In a Tuesday internal memorandum, partner Donald Looper, who headed the firm’s corporate practice group, announced his resignation from Looper Reed & McGraw. He plans to share an office on a temporary basis with a friend who is a well-known Houston trial lawyer, Martin Beirne of Beirne, Maynard & Parsons, while arranging to start a new transactional boutique, reports The Texas Lawbook in an article reprinted on the Fuel Fix page of the Houston Chronicle.

His new firm, Looper said in the memo, will be a workplace where “quality legal services and having fun, with clients and our colleagues, matter and where everyone shares in creating the vision for the future.”

Looper Reed will now be known as Gray Reed & McGraw.
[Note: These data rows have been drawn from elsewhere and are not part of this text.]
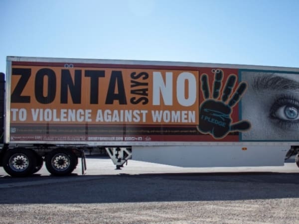Thomas E. Keller Trucking of Defiance, Oho, partnered with a local organization to wrap a semi-trailer to raise awareness of and help end violence against women.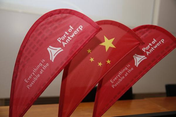 ↑會場的中國國旗與安特衛(wèi)普港標(biāo)識。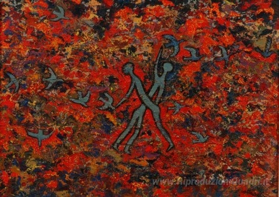 Ti offriamo una riproduzione artigianale su tela dell'opera famosa 'Due miniature con uccelli' di Walter Battiss, dal Museo delle Riproduzioni.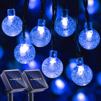 Solar Outdoor String Lights, 2 Pack Total 71Ft 120 Led Crystal Ball Waterproof Solar Powered Globe Lights For Garden Patio Bistro Cafe Gazebo Holiday Party Outdoor Decorations (Blue) Specification ?Light Color: Blue ?Led Quantity: 60Led ?Solar Panel: 2V ?Battery: Built-In Aa Ni-Mh Battery ?Lead Cable: 2M/6.56Ft ?Light Spacing: 0.5Ft ?Light Length: 8.85M/29Ft ?Total Length: Total 10.85M/35.6Ft ?Charging Time: 6-8 Hours ?Working Time: 8-12 Hours ?Switch: On/Off& Mode ?Working Mode: 8 Modes Feature Energy Saving ?With Built-In Rechargeable Ni-Mh Aa Battery, Eco-Friendly Solar Powered Way Can Save Electricity And Your Trouble Of Replacing Battery Frequently. Solar Panel Convert Sunshine Into Electricity During The Day, And It Lights Up Automatically At Night For More Than 8 Hours If Solar Panel Absorb Enough Sunlight During Day. 8 Lighting Modes ?The Solar Outdoor Lights With 8 Modes (Combination, In Wave, Sequential, Slo Glo, Chasing/Flash, Slow Fade, Twinkle/Flash, Steady On), That Can Meet Your Various Lighting Needs. Memory Function ?The Solar String Lights Build In Memory Chip, Can Save Your Last Mode Setting And No Need To Reset Mode Every Day. Ip65 Waterproof ?Ip65 Waterproof String Lights, Can Withstand All Kind Of Weather, Including Heavy Rain And Snow, Perfect For Indoor And Outdoor Decorations. Light Sensor ?With Light Sensor, The Solar Globe Lights Will Auto Light Up At Night And Auto Off At Daytime. Also You Can Cover The Panel By Yourself Then Turn On, It Will Light Up. Package Content ?2*60 Led String Lights ?2*Solar Panel With Ground Stake ?1*User Manual Warm Tip ?It Is Suggested The Solar Panel To Be Fully Charged For 8H At The First Use. ?Turn The Light On And Set The Light Mode Before Charging The Solar Power, So It Will Light Up At Dusk In Your Setting Mode.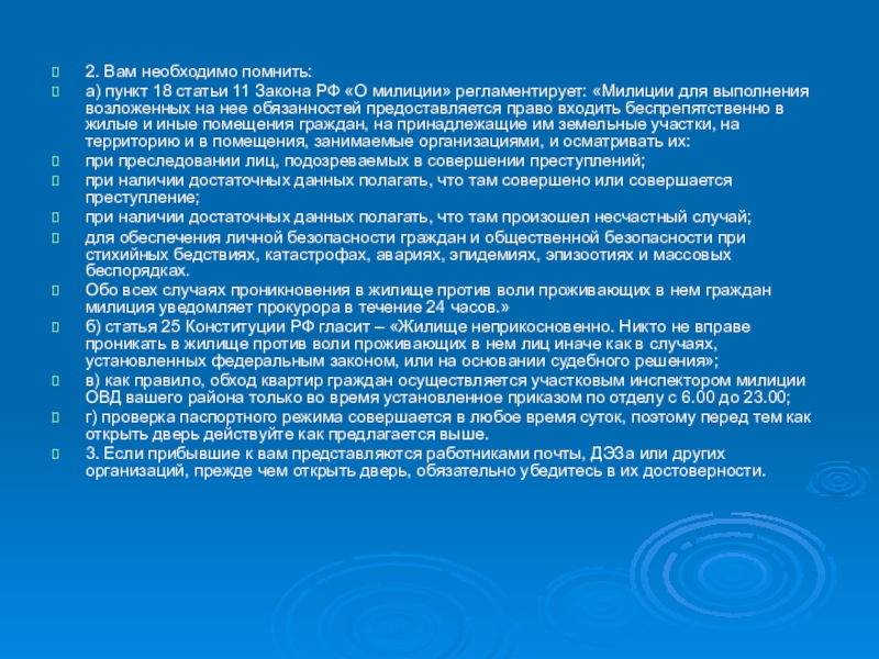 в) как правило, обход квартир граждан осуществляется участковым инспектором милиции ОВД вашего района только во время установленное приказом по отделу с 6.00 до 23.00;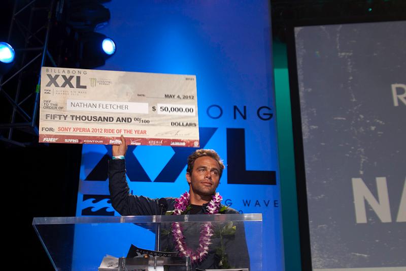 While McNamara’s rides have earned him mainstream acclaim, Nathan Fletcher (San Juan Capistrano, California, USA) walked away with the surfing industry night’s biggest prize, the 35 year-old goofy-foot winning the prestigious, blue ribbon Sony Xperia Ride of the Year Award and $50,000. Fletcher also became the first surfer in the 12-year history of Billabong XXL Global Big Awards to win three awards in the one night. The same massive wave Fletcher rode at Teahupoo in Tahiti on August 27, 2011 that earned him Xperia Ride of the Year, also won him the Monster Tube Award. In addition Fletcher was presented with the Surfline Best Performance Award that honors the male surfer showing the most consistency during the last 12 months. The humble Fletcher is a true “surfer’s surfer” — short on words, but held in high regard by his surfing peers and the global big wave fraternity for his relentless charging.

Managing partner J. Cary Gray said in a written statement provided to the Texas Lawbook that a disagreement about whether to expand the firm’s corporate practice led to the split.

“While our litigation/family/employment practices and our industry-specific transactional practice areas, such as energy and healthcare, have grown and flourished, Don insisted on keeping our corporate practice relatively small, certainly as compared to the needs of our clients and other practice areas within LRM,” he wrote.

“While nobody is right or wrong, the firm’s board reluctantly concluded these differences of philosophy are irreconcilable.”